Today I shipped the first meaningful Rust commit for DYFJ — a tracer bullet that writes one event into Dolt and reads it back, end-to-end, with compile-time-checked queries. About two hundred lines of code that prove a stance I care about: the schema lives in the data layer, not in language types.

It’s a small feature. What matters is what it locks in.

The category error I keep seeing

Most stacks I’ve worked in over the last few decades define their data contract in code — the framework’s native classes, types, or interfaces are the contract, and the schema in the database is treated as something exported from them, rather than the other way around. The database has a schema, and the language has a parallel one, and they drift. The drift is silent until something breaks in production at 3am.

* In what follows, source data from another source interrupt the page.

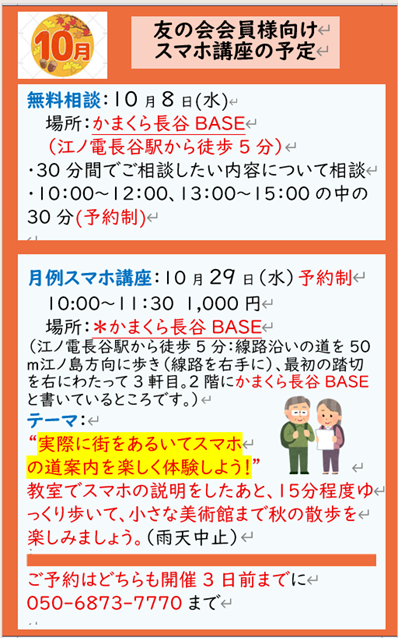 玉縄すこやかセンター 木午後(10月9日16日23日30日)
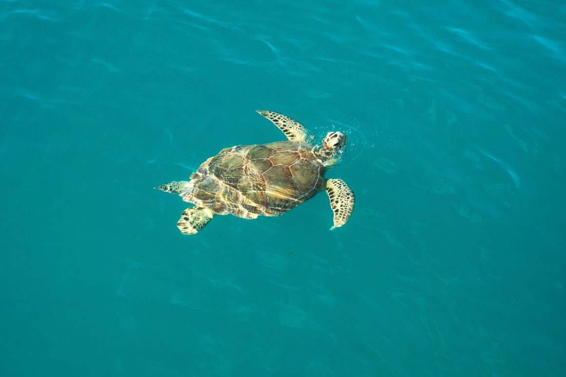 The anchorage is so calm and protected, but as a trade-off, it’s not very pretty and there’s no real beach to speak of. I have to take Monster by paddle board to a small section of sand and rock in order to do her business. There are however turtles in the area to bring some excitement.
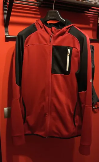 Chaqueta deportiva de color rojo. - Cierre de cremallera frontal. - Cuello alto. - Puños y bajo elásticos. -Muy buen estado - Abriga muchísimo
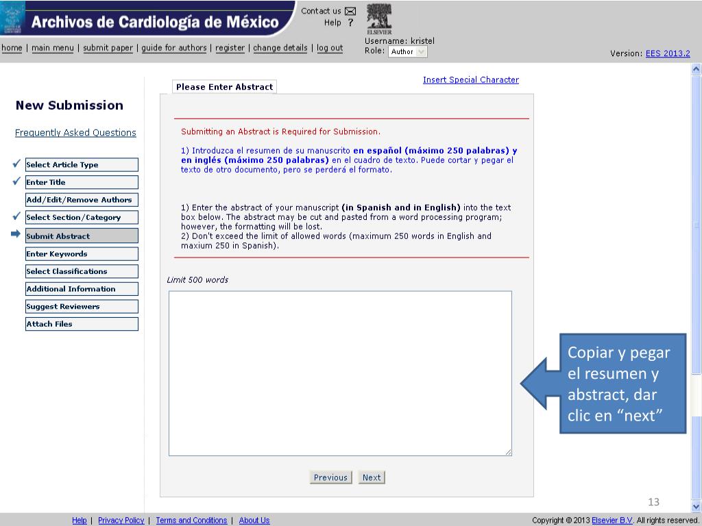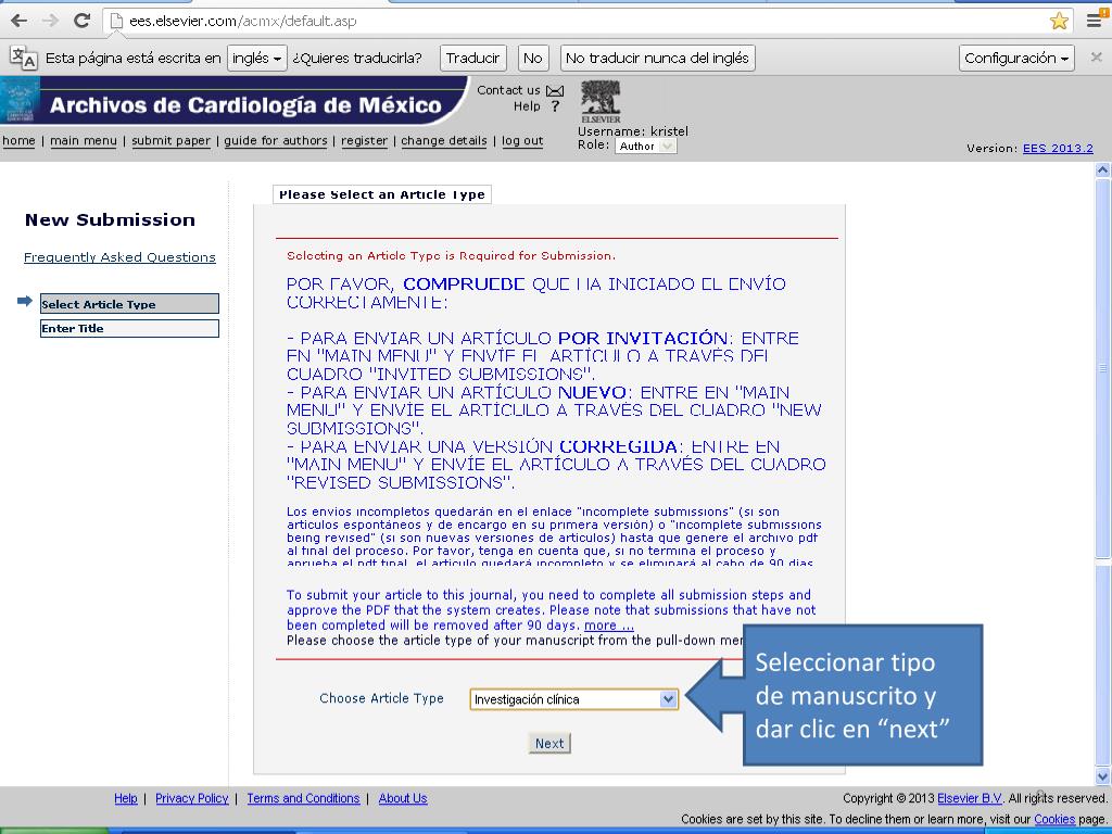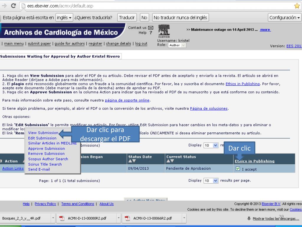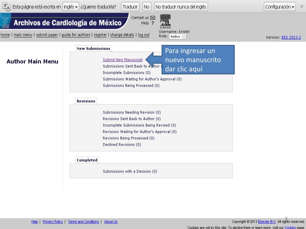 ¿Nuevo autor?, dar clic en “Register” http://ees.elsevier.com/acmx/

The AI-infrastructure version of this is worse, not better. Every “agent framework” I’ve looked at lately defines memory models, event shapes, and tool schemas as Python or TypeScript classes — and then exports them to JSON Schema or OpenAPI specs that pretend to be the contract. The class is the source of truth. The actual runtime is whatever interprets that class.

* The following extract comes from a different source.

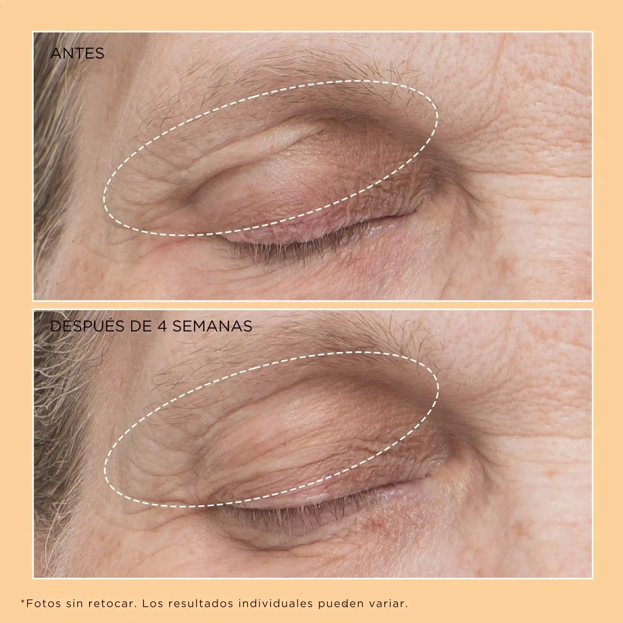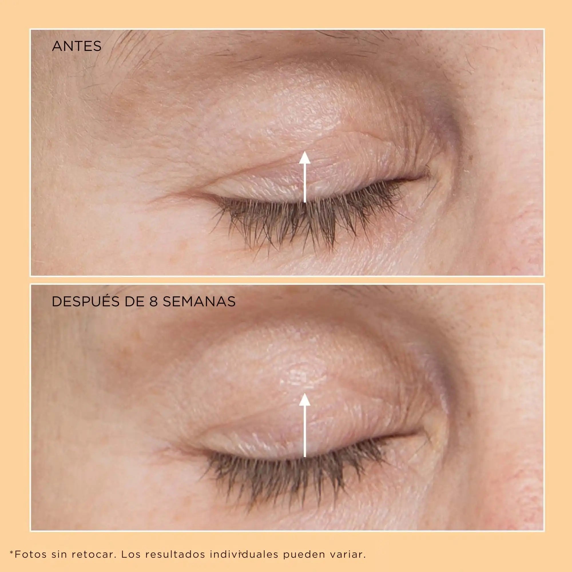 - Suaviza visiblemente los pliegues, las arrugas y la textura irregular de los párpados.
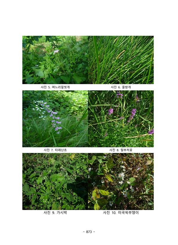 873 사진 5. 며느리밑씻개 사진 6. 올방개 사진 7. 타래난초 사진 8. 털부처꽃 사진 9. 가시박 사진 10.미국쑥부쟁이

This is backwards. The data is going to outlive the language. Switch runtimes, swap orchestrators, replace the harness entirely — the data should still know what it is. So in DYFJ, the schema lives where the data lives: as Dolt DDL, committed to the repo in schema/. Every TypeScript or Rust binding is a consumer of that schema, not its definition.

Most projects that take this stance say it once in a README and move on. I wanted to enforce it.

The tracer bullet

schema/001_events.sql defines what an event looks like — OpenTelemetry correlation fields, security identity, event-type ENUM, the standard stuff. Eleven NOT NULL fields plus parent_span_id for root-span detection.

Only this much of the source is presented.